Kesimpulan penelitian ini bahwa : 1. Telah dihasilkan simplisia daun lokal dan telah diuji sifat antioksidannya dengan karakteristik berbeda baik pada daun jati, kelor dan kayu manis. Kandungan sifat antioksidan tertinggi ditemukan pada daun kayu manis, diikuti daun kelor dan terendah pada daun jati. Hasil uji GC-MS dibuktikan kandungan antioksidnnya dominan jenis fenol. 2. Tahap formulasi ekstrak daun lokal ini dengan gelatin dari kulit ceker ayam broiler dihasilkan edible film dengan karakteristik berbeda, dan pada tahap penelitian berikutnya digunakan penambahan 15 ekstrak daun lokal pada edible untuk diaplikasikan pada bakso. 3. Aplikasi edible pada bakso tidak mempengaruhi respon panelis khususnya terhadap aroma bakso. Sifat edible yang berantioksidan memberikan respon panelis yang sama, meskipun tidak mampu memberikan hasil baik jika disimpan lebih dari 24 jam.
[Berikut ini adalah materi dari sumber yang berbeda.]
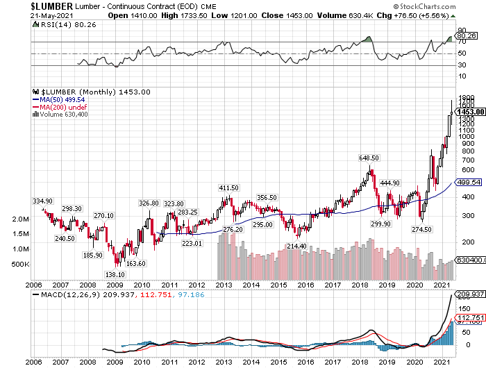 2006年以降、木材価格は概ね200ドル~400ドルのレンジで推移していましたが、コロナ危機以降、世界的な住宅需要の増大によって、今月は一時1733ドルまで大暴騰する場面がありました。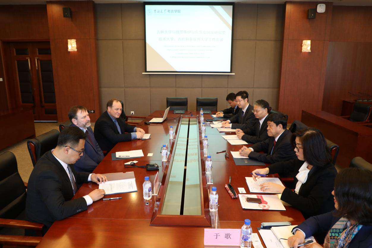 云顶7610线路检测国际合作与交流处处长张广翠博士、副处长朱蓓蓓女士、项目官员于歌女士、云顶7610线路检测经理赵宾福教授、党委书记王剑教授、副经理段天璟教授、外国考古系主任邵会秋教授、讲师权乾坤博士、伊尔库茨克国家研究型技术大学考古学、古生态学和东北亚民族生业系统研究中心主任哈林斯基教授、西伯利亚联邦大学人文公司考古中心主任曼德雷卡教授等出席会谈。会谈由云顶7610线路检测副经理段天璟教授主持。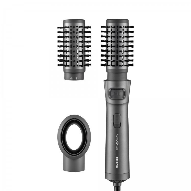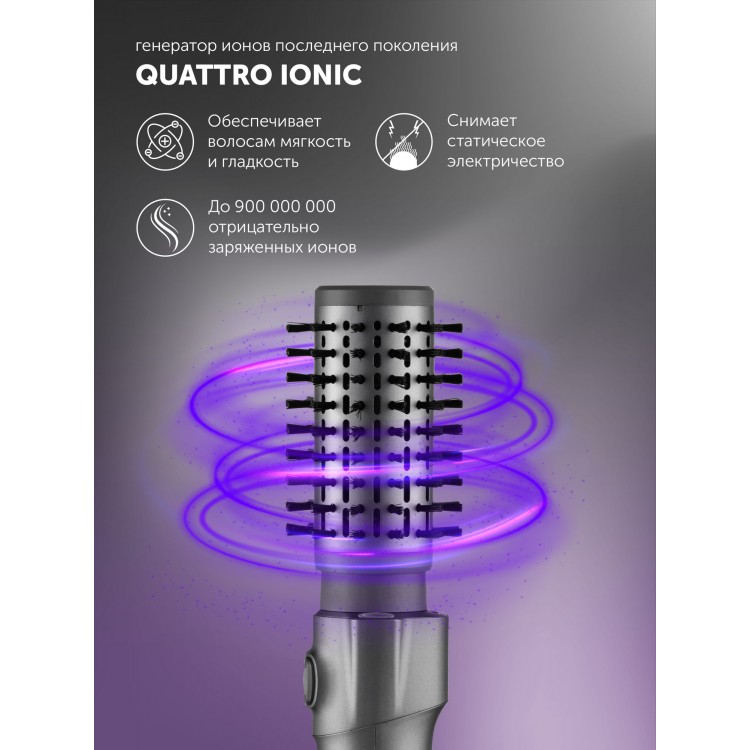 Стильный, мощный, два брашинга в комплекте. Есть ионизация, защита от перегрева. Быстро укладывает, не путает волосы, можно легко делать объем у корней и завивать концы.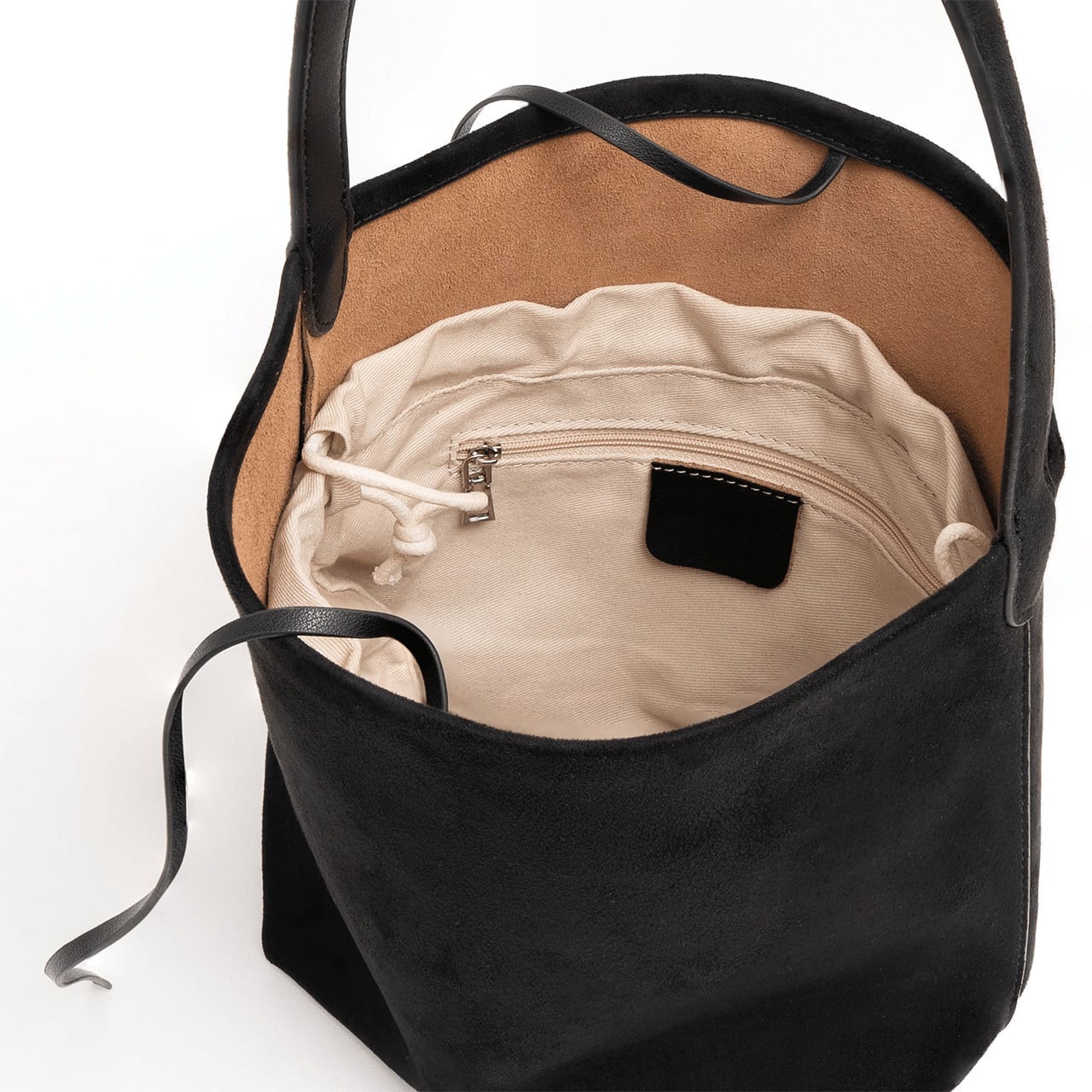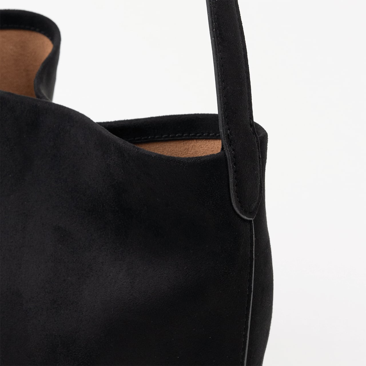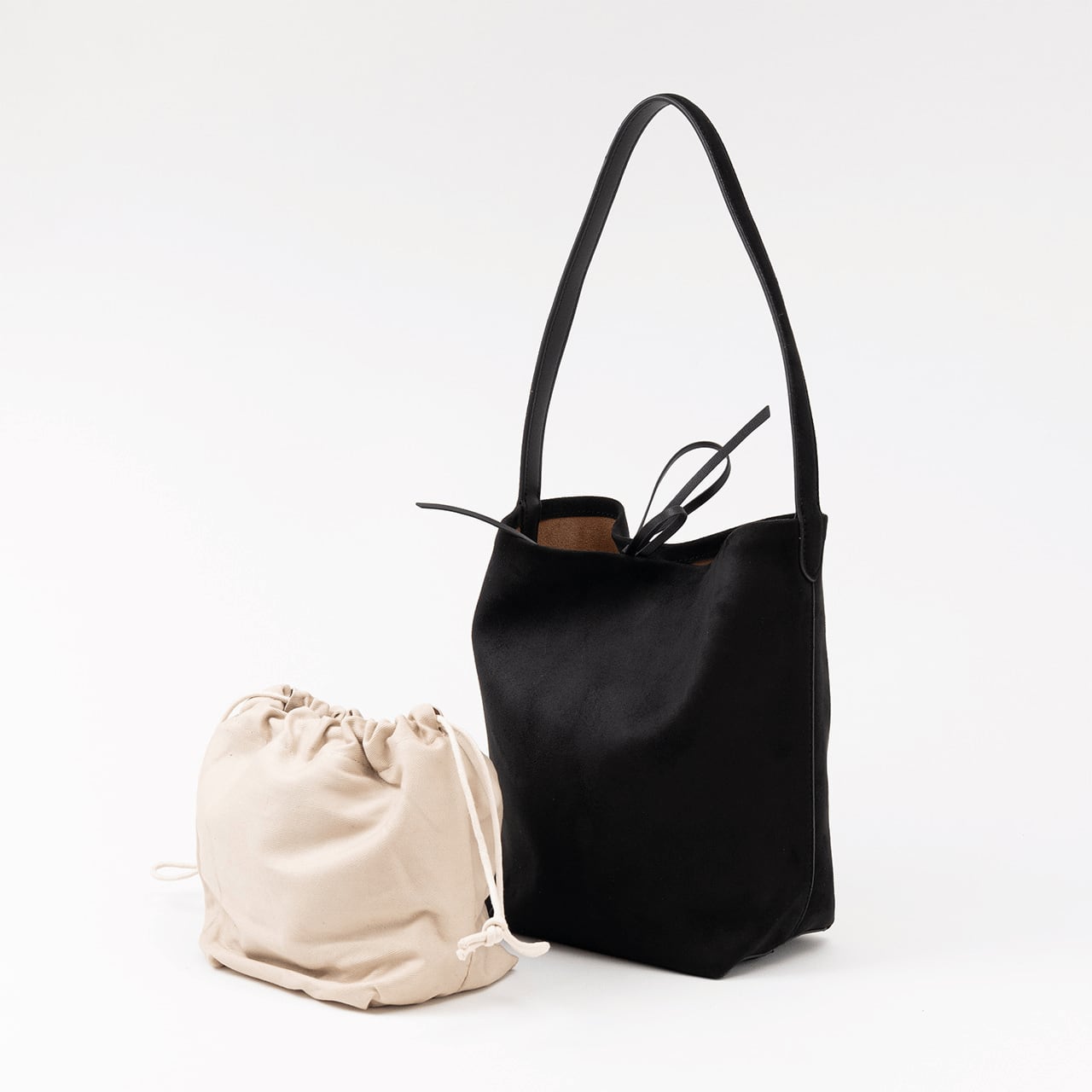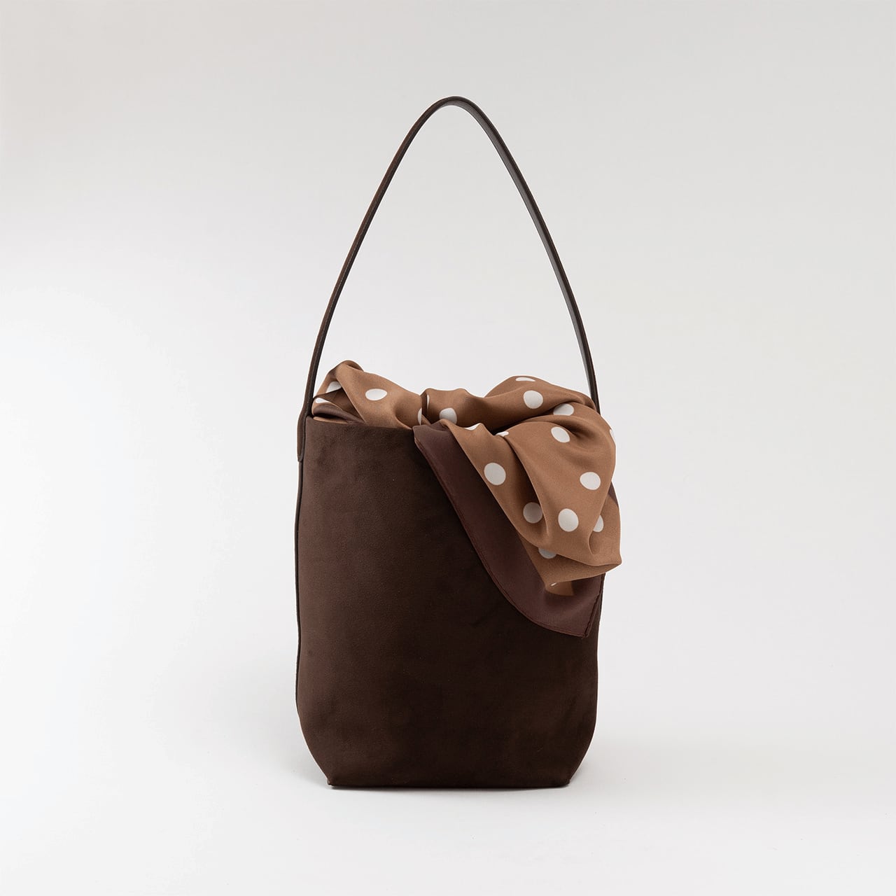 表情豊かなヌバック素材を使用した、縦長シルエットが美しいバケットバッグ。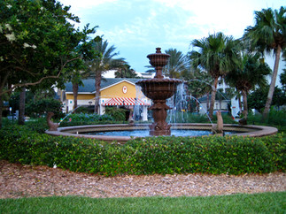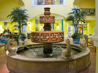 Pulling up to the resort, looks nice, beautifully landscaped, flowers, fountains, stone driveway: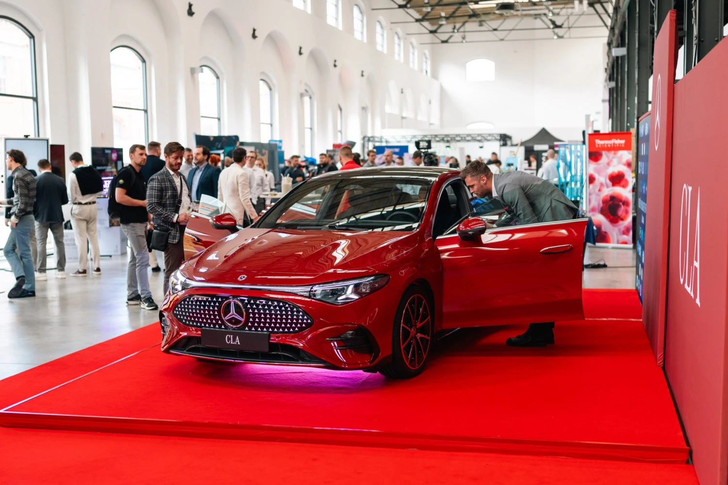 Hosté měli jedinečnou možnost zblízka si prohlédnout nové elektrické CLA od Mercedes-Benz, které zaujalo nejen elegantním designem, ale i impozantním dojezdem až 792 km a mnoha dalšími funkcemi.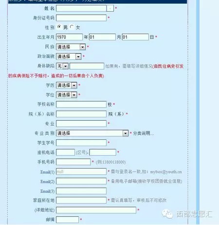 7.填寫基本信息。(http://west.youth.cn/zyz/user_reg4save.jsp?step=2),按要求填寫,注意帶紅色五星為必填項,完成后點擊下一步。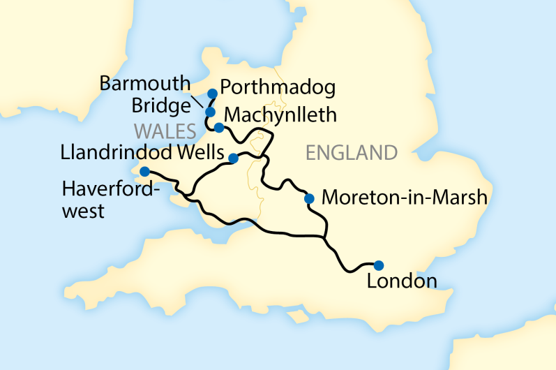 Ihre Luxus Reise nach Wales beginnt an Londons Victoria Station, wo Sie in den Britannic Explorer steigen. Nachdem Sie Ihr Abteil bezogen haben, ist es an der Zeit, in einem der botanisch inspirierten Restaurantwagen zu entspannen. Dort wartet ein Nachmittags-Tee mit traditionellen walisischen Leckereien. Während Sie genießen, ziehen die Cotswolds im warmen Nachmittagslicht an Ihnen vorüber. Im Laufe des Abends können Sie sich eine Behandlung in der Wellness-Suite gönnen, den einen oder anderen Gin in der Bar genießen und Ihre neuen Freunde bei einem Brettspiel schlagen. Nach einem köstlichen Abendessen an Bord lädt Ihr Abteil zur Nachtruhe. (A)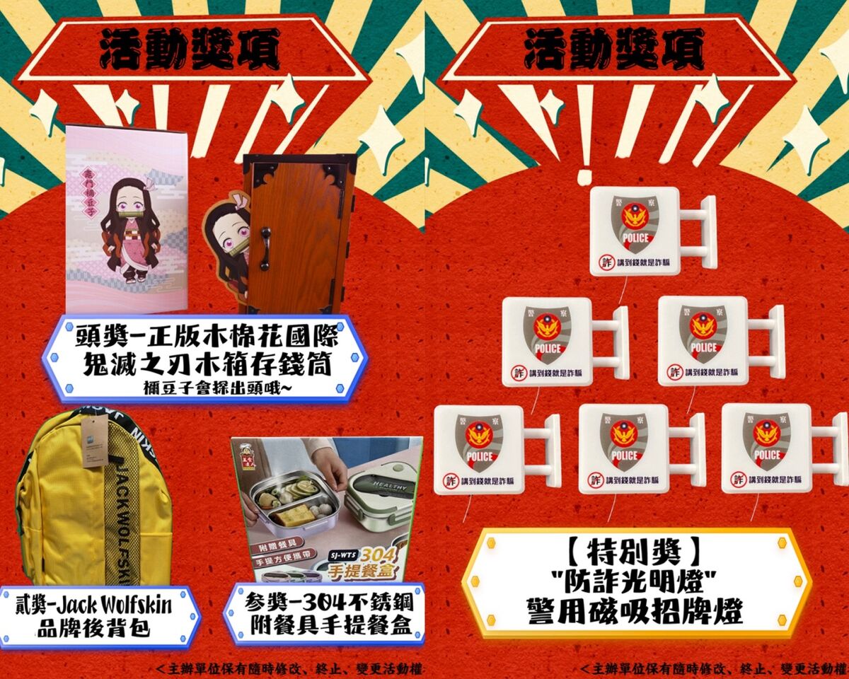 警方為了在雙11購物節宣導阻詐,為避免制式宣導模式民眾感到乏味,特別舉辦「網路購物五字訣.安心消費不遇劫」防詐網路抽獎活動。本次抽獎品有,鬼滅之刃木箱存錢筒、磁吸招牌警燈、刑警賓士貓與黃金獵犬等,總計70組獎品。

Nilai pH bakso yang dikemas edible hingga penyimpanan 2 hari tidak berbeda dengan kontrol 0 hari bahkan indikator kadar air bakso berhasil mempertahankan terjadinya dehidrasi selama penyimpanan hingga hari ke-3. Namun kandungan protein terjadi degradasi selama bakso dikemas. 4. Ekstrak daun jati dalam kemasan edible memiliki kemampuan lebih tinggi dalam menurunkan populasi total bakteri dibandingkan dengan daun kelor dan daun kayu manis. 5. Penelitian ini telah pula dilibatkan dua orang mahasiswa S1 yang mendukung tugas akhirnya.

7.2. Saran

Ekstrak daun lokal bisa menjadi alternatif untuk ditambahkan pada pembuatan edible dengan potensi sebagai antibakteri dan antioksidan. Untuk menghasilkan edible berantioksidan yang tinggi maka penambahan ekstrak daun kayu manis paling tinggi potensinya namun jika pendekatannya pada potensi antibakteri pada bakso sapi maka ekstrak daun jati adalah alternatifnya.